Вдох – выдох. Меня целует Рисса. В ямочку под горлом, тепло и нежно, шею щекочут её ресницы…
Я поднял взгляд; алая пелена уже рассосалась.
Кто-то кхарнэ любопытный заглянул к моей омеге, пока я ходил умываться, и донёс старейшине. Значит, Халлар тоже считал, что я своей меткой сгублю Риссу. Да скорее на БТР пойду грудью, чем допущу это.
– Больше. Так. Не делай, – сказал я.
Халлар посмотрел в глаза и понимающе кивнул. Меня не надо злить, чревато, несмотря на всё моё к нему почтение. Это был второй и последний раз. В первый раз я выхватил за отстреленные пальцы Лиенны. И не только я, вся группа, но тогда было за что.
Буря так и не разразилась. Халлар обошёл стол вокруг, подволакивая перебитую ногу – не срослась как следует, полгода уже. Уселся перед расстеленной топографической картой Гриарда, затянулся дымом. Я опустился напротив него в плетёное кресло – разговор так разговор. Кроме нас с Таром, ещё и Халлар знал, что такое истинная омега. Он должен был понять меня.
– Значит, вместе навсегда? Не в наших условиях, Дарайн.
– Мы с Риссой не дети. Не начинай, а?
Я понятия не имел, сколько мне лет. Может, двадцать, может, больше. С этой войной дитём побыть не пришлось толком.
– Ты забыл, что мы здесь делаем? – затянул Халлар.
Помнил я. Растим армию мстителей. Каждый альфа бесценен, каждая омега бесценна втройне. Рисса для меня бесценна в… я такого и числа не знаю.
– Сколько всего нужно добыть, чтобы выжить? – давил Халлар. – У нас патронов меньше, чем ртов! Мало тебе, что из-за Риссы облаву на нас объявили? Теперь устраиваешь медовый месяц?
– И что?! – возмутился я.
Будто в первый раз альфа с омегой закрылись в боксе. Это же святое.
Пометил и пометил – кому какая разница? Я вчера вжимался в смуглую кожу Риссы, взахлёб упивался её нежностью. «Коммуны лишить нас почти всё, – сказала она. – Почему мы лишить себя остальное?» Что я должен был делать, когда уже держал в руках её душу? Оттолкнуть?
Халлар разошёлся, размахивая сигарой:
– Я разве не предупреждал? Ты теперь не боец, а омегин симбиот! Будь у Риссы хоть часть решительности Лиенны, я бы слова не сказал – езжайте вместе. А куда я отпущу с тобой тепличный овощ? Она автомат в руках не…

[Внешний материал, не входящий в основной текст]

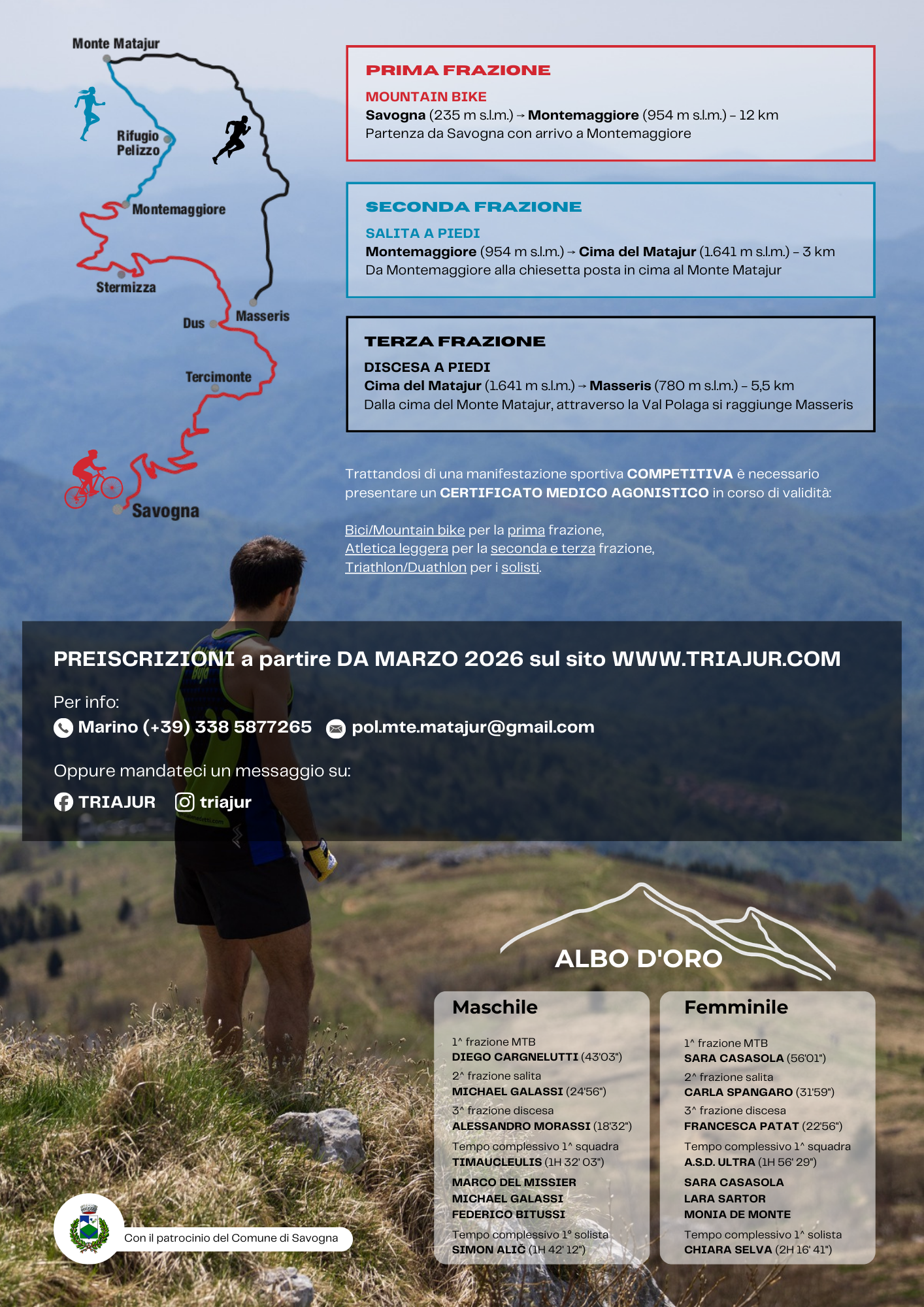Come ogni primo maggio, anche quest'anno la Polisportiva Monte Matajur, con l’aiuto di numerose associazioni volontarie del luogo, organizza la Triajur. Si tratta di una manifestazione sportiva competitiva composta da tre frazioni, ognuna delle quali è di competenza di uno dei tre frazionisti formanti la squadra. Ai più preparati fisicamente e psicologicamente è consentito sostenere l'intera competizione da soli.

– Не смей! – Я подскочил, моё кресло отлетело с грохотом. – Тебе бы то, что она пережила!
Халлар смёл на пол нож, увернулся от хватки, поднимая руки:
– Молчу про Риссу, остынь! Признай правду. Твоя омега против коммунов непригодна, а ты сейчас суток без неё не протянешь.
– Я на соплю похож? Справлюсь.
– Не справишься. Я когда-нибудь врал?
Никогда. У меня в животе похолодело.
– Подожди… Ты не говорил про сутки. Ты сказал про эту… эмпатическую связь!
Он вообще избегал темы меченых омег и своего довоенного прошлого. Можно понять: если бы мою омегу убили коммуны… И думать не хочу. Халлар просил нас не делаться зависимыми друг от друга, это вызывает сложности. Но я выбрал сложности, они того стоили.
Халлар уселся обратно, вытянул больную ногу на тумбочке.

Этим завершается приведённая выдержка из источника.